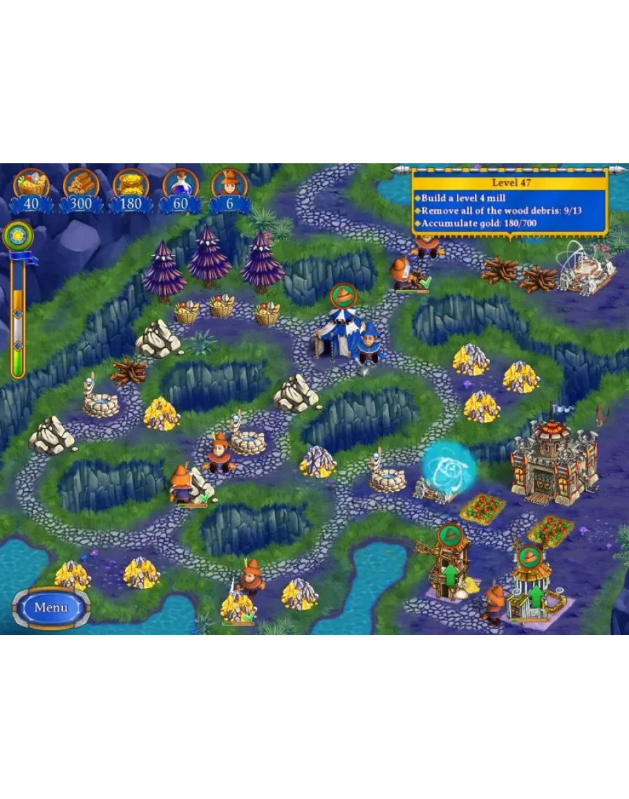 Помогите Джону и Мэри вернуться в 21 век из времен короля Артура! Доберитесь до замка Черного Рыцаря, попутно восстанавливая разрушенные деревни! Опасности поджидают на каждом шагу, но ваша храбрость и острый ум помогут одолеть любые препятствия!
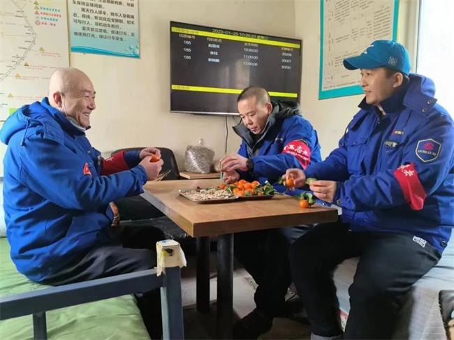 為了使車隊的兄弟姐妹能夠在工作崗位上感受到濃郁的節(jié)日氣氛,黃河公司所屬各車隊準(zhǔn)備了水果、瓜子、糖果等“年貨”,還有“元寶餃子”、“年年有魚”、“富貴雞祥”等一道道寓意美好的菜肴。大家一邊品嘗美食,一邊互相拜年問好,幸福的微笑掛在每個人的臉上。
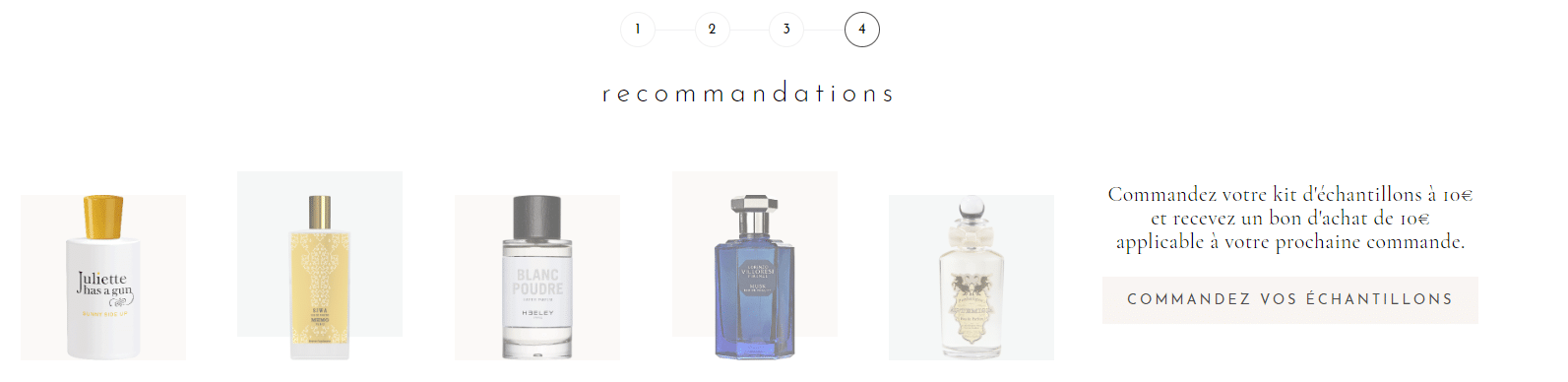 Non appena ho finito di valutare le fragranze, mi viene offerta una nuova diagnosi e una lista di altre 5 fragranze e posso comprare un nuovo kit di campioni per 10€.
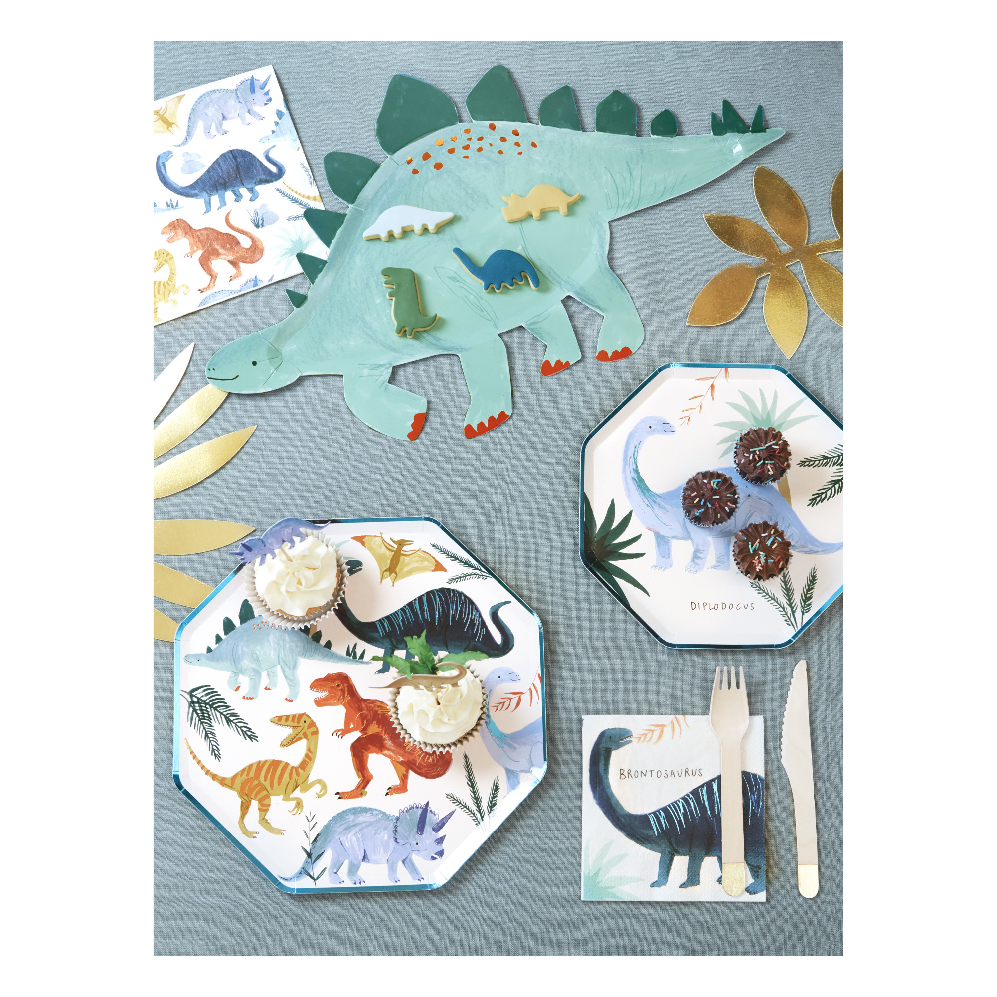 Rendez votre fête de dinosaures encore plus formidable avec ces brillantes assiettes dinosaures. Présentant de belles illustrations de dinosaures célèbres, avec des détails en cuivre et en feuille verte.
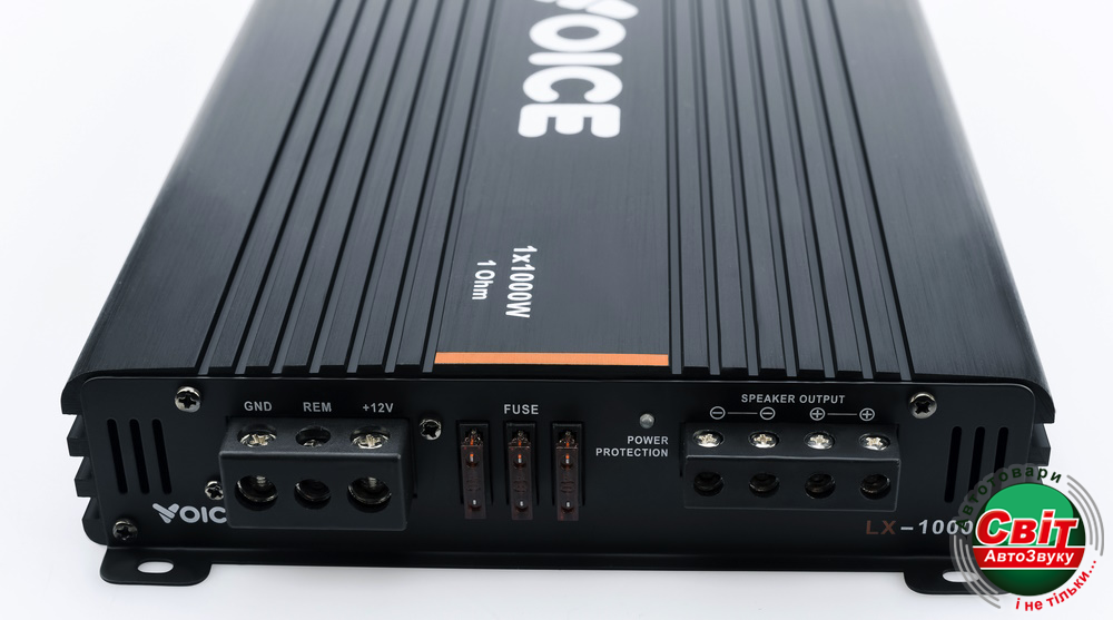 Підсилювач Voice LX-1000Одноканальні автомобільні підсилювачі VOICE серії LX - це відмінний вибір для тих, хто прагне отримати максимально насичене та збалансоване відтворення низьких частот у своїй автомобільній аудіосистемі. Підсилювач належить до класу D, що означає високу ефективність та низький рівень тепловиділення.
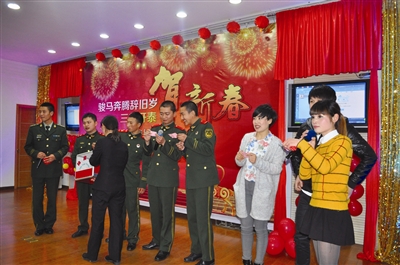 2月13日,县消防大队与白云山庄举办“骏马奔腾辞旧岁,三羊开泰贺新春”联欢晚会,拉近军民距离,密切军民关系。 (通讯员 吴颖峰 摄)
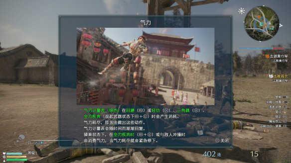 4、气力和回避系统:游戏中的绿色计量条就是气力,这个系统和“怪物猎人”、“黑暗之魂”等系列相似,人物进行加速奔跑、回避和轻功时都会消耗。在骑乘状态下加速奔跑和冲撞敌人也会消耗气力槽,气力槽消耗完后马匹会有抬起前脚的硬直动作,所以建议气力条尽量不要消耗完。
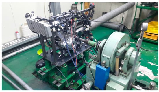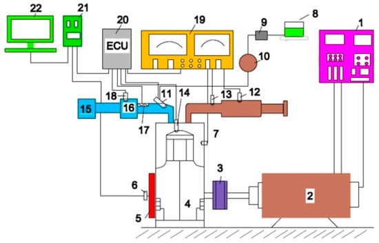 Schematic representation of setup for experiments and the engine testing system are depicted in Figure 1 and Figure 2, respectively. There are 22 components to this experiment system. The torque resistance for the experiment was supplied by a controller for dynamo testing systems (1) and a dynamometer from the AVL company (MCA325MO2) (2). Engine and dynamometer are connected by coupling (3). An encoder autonics (6) and sensor for temperature (7) were mounted on the flywheel (5) and the engine (4), respectively. The fuel travels to the fuel filter (10) from the fuel tank (8) and then to the fuel pump (9), where it is injected into the fuel injectors (11). The box to filter the air (15) and the throttle allow air to enter the intake pipe (16). The air heater regulated the temperature of the intake air (17). The analyzer for exhaust gases and transducer for cylinder pressure (19), ECU (20), data collection (21), and computer (22) receives signals from the sensor that detects oxygen quality (12), sensor for temperature of exhaust gas (13), sensor for cylinder pressure (14), angle of the throttle, and sensor for measuring air mass (18).
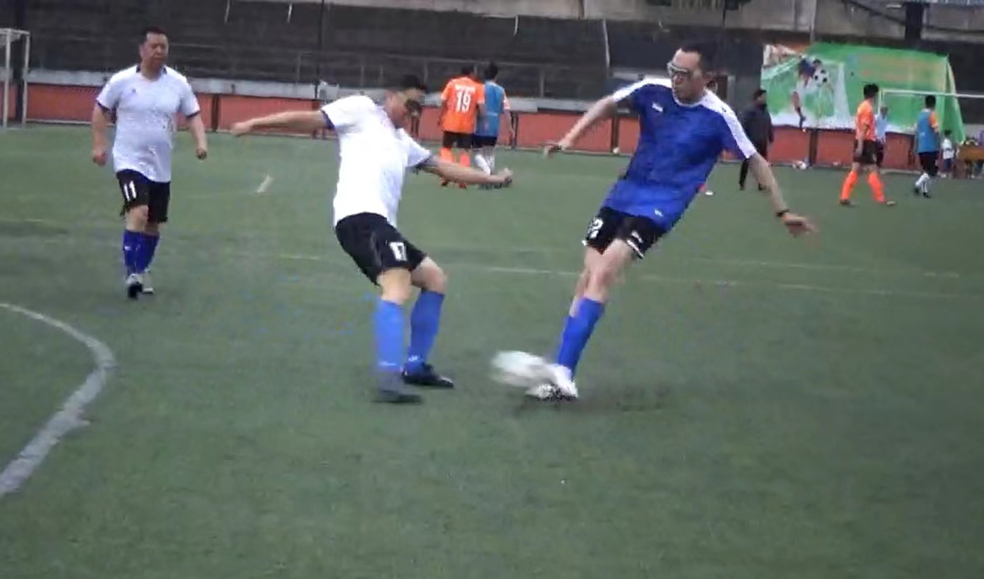 上半场,双方你来我往,对拼激烈。公司凭借2号何正友前场积极拼抢创造出射门机会,由8号俞建海在禁区附近抬脚远射,球贴着草皮穿过两名防守队员滚入对方球门死角,打入公司历史上教工足球队首次参加公司正式比赛首个进球,公司1-0取得领先。随后,对方在我方球门前混战中趁乱也打入一球,双方战平。公司果断要求暂停,重新布置战术。队员们上场后稳扎稳打,凭借团队配合由39号邓军连入两球,3-1结束上半场比赛。
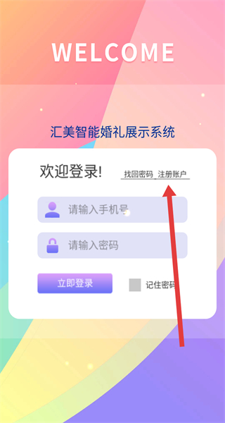 1、点击同意按钮,同意汇美婚礼软件的服务协议和隐私政策,进入登录界面。
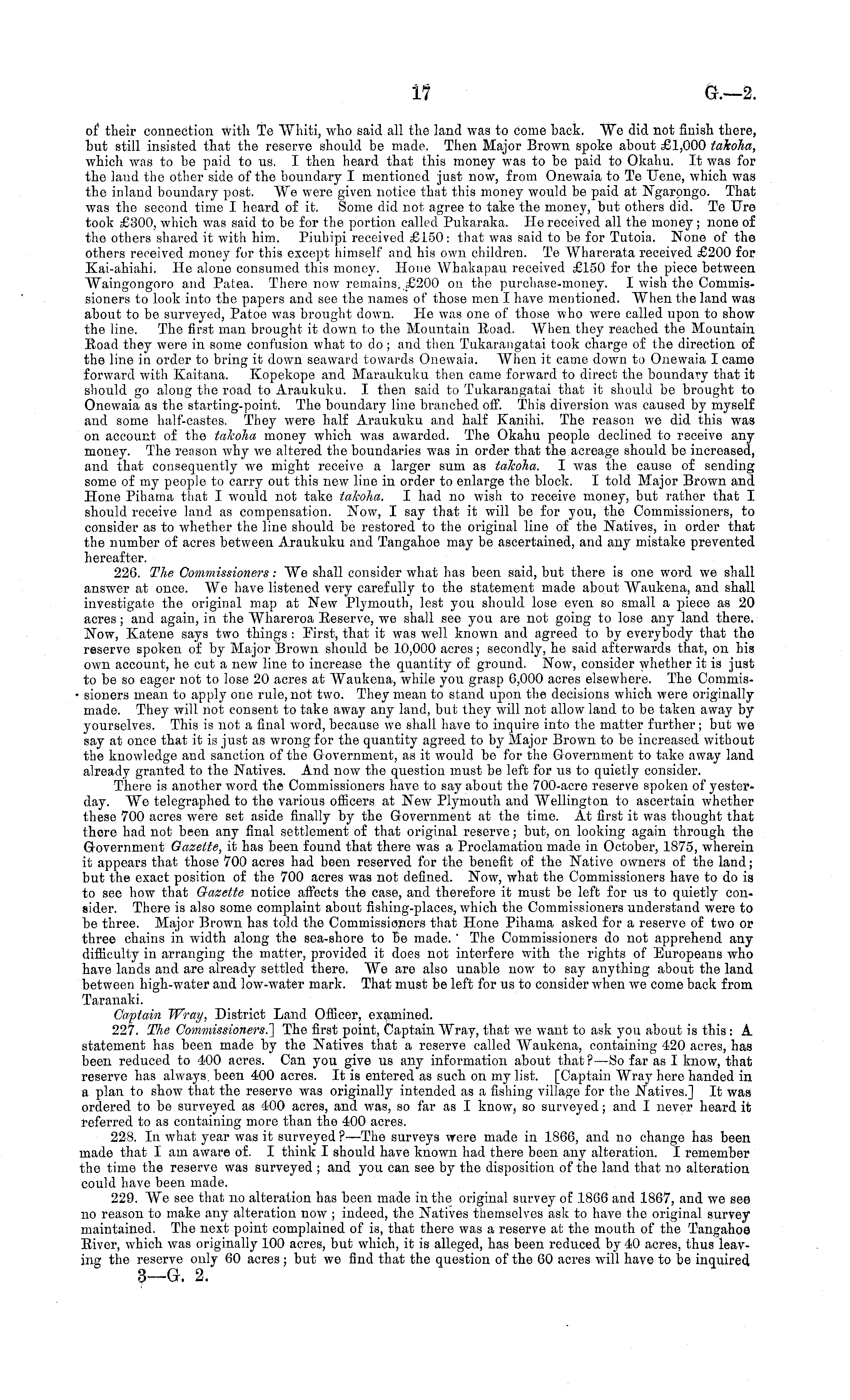 of their connection with Te Whiti, who said all the land was to come back. We did not finish there, but still insisted that the reserve should be made. Then Major Brown spoke about £1,000 takoha, which was to be paid to us. I then heard that this money was to be paid to Okahu. It was for the land the other side of the boundary I mentioned just now, from Onewaia to Te Dene, which was the inland boundary post. We were given notice that this money would be paid at Ngarpngo. That was the second time I heard of it. Some did not agree to take the money, but others did. Te Hre took £300, which was said to be for the portion called Pukaraka. He received all the money; none of the others shared it with him. Piubipi received £150: that was said to be for Tutoia. None of the others received money for this except himself and his own children. Te Wharerata received £200 for Kai-ahiahi. He alone consumed this money. Hone Whakapau received £150 for the piece between Waingongoro and Patea. There now remains £200 on the purchase-money. I wish the Commissioners to look into the papers and see the names of those men I have mentioned. When the land was about to be surveyed, Patoe was brought down. He was one of those who were called upon to show the line. The first man brought it down to the Mountain Boad. When they reached the Mountain Road they were in some confusion what to do; and then Tukarangatai took charge of the direction of the line iu order to bring it down seaward towards Onewaia. When it came down to Onewaia I came forward with Kaitana. Kopekope and Maraukuku then came forward to direct the boundary that it should go along the road to Araukuku. I then said to Tukarangatai that it should be brought to Onewaia as the starting-point. The boundary line branched off. This diversion was caused by myself and some half-castes. They were half Araukuku and half Kanihi. The reason we did this was on account of the takoha money which was awarded. The Okahu people declined to receive any money. The reason why we altered the boundaries was in order that the acreage should be increased, and that consequently we might receive a larger sum as takoha. I was the cause of sending some of my people to carry out this new line in order to enlarge the block. I told Major Brown and Hone Pihama that I would not take takoha. I had no wish to receive money, but rather that I should receive land as compensation. Now, I say that it will be for you, the Commissioners, to consider as to whether the line should be restored to the original line of the Natives, in order that the number of acres between Araukuku and Tangahoe may be ascertained, and any mistake prevented hereafter. 226. The Commissioners: We shall consider what has been said, but there is one word we shall answer at once. We have listened very carefully to the statement made about Waukena, and shall investigate the original map at New Plymouth, lest you should lose even so small a piece as 20 acres; and again, in the Whareroa Beserve, we shall see you are not going to lose any land there. Now, Katene says two things : Pirst, that it was well known and agreed to by everybody that the reserve spoken of by Major Brown should be 10,000 acres; secondly, he said afterwards that, on his own account, he cut a new line to increase the quantity of ground. Now, consider whether it is just to be so eager not to lose 20 acres at Waukena, while you grasp 6,000 acres elsewhere. The Commis- • sioners mean to apply one rule, not two. They mean to stand upon the decisions which were originally made. They will not consent to take away any land, but they will not allow land to be taken away by yourselves. This is not a final word, because we shall have to inquire into the matter further; but we say at once that it is just as wrong for the quantity agreed to by Major Brown to be increased without the knowledge and sanction of the Government, as it would be for the Government to take away land already granted to the Natives. And now the question must be left for us to quietly consider. There is another word the Commissioners have to say about the 700-acre reserve spoken of yesterday. We telegraphed to the various officers at New Plymouth and Wellington to ascertain whether these 700 acres were set aside finally by the Government at the time. At first it was thought that there had not been any final settlement of that original reserve; but, on looking again through the Government Gazette, it has been found that there was a Proclamation made in October, 1875, wherein it appears that those 700 acres had been reserved for the benefit of the Native owners of the land; but the exact position of the 700 acres was not defined. Now, what the Commissioners have to do is to see how that Gazette notice affects the case, and therefore it must be left for us to quietly consider. There is also some complaint about fishing-places, which the Commissioners understand were to be three. Major Brown has told the Commissioners that Hone Pihama asked for a reserve of two or three chains in width along the sea-shore to be made. ' The Commissioners do not apprehend any difficulty in arranging the matter, provided it does not interfere with the rights of Europeans who have lands and are already settled there. We are also unable now to say anything about the land between high-water and low-water mark. That must be left for us to consider when we come back from Taranaki. Captain Wray, District Land Officer, examined. 227. Ttie Commissioners.] The first point, Captain Wray, that we want to ask you about is this : A. statement has been made by the Natives that a reserve called Waukena, containing 420 acres, has been reduced to 400 acres. Can you give us any information about that?—So far as I know, that reserve has always, been 400 acres. It is entered as such on my list. [Captain Wray here handed in a plan to show that the reserve was originally intended as a fishing village for the Natives.] It was orde

• Assigned task: Everything from the first line of the listing above through the line that contains "為了使車隊的兄弟姐妹能夠在工" is to be restated word for word, minus the pictures.

• Task solution:
 Помогите Джону и Мэри вернуться в 21 век из времен короля Артура! Доберитесь до замка Черного Рыцаря, попутно восстанавливая разрушенные деревни! Опасности поджидают на каждом шагу, но ваша храбрость и острый ум помогут одолеть любые препятствия!
 為了使車隊的兄弟姐妹能夠在工作崗位上感受到濃郁的節(jié)日氣氛,黃河公司所屬各車隊準(zhǔn)備了水果、瓜子、糖果等“年貨”,還有“元寶餃子”、“年年有魚”、“富貴雞祥”等一道道寓意美好的菜肴。大家一邊品嘗美食,一邊互相拜年問好,幸福的微笑掛在每個人的臉上。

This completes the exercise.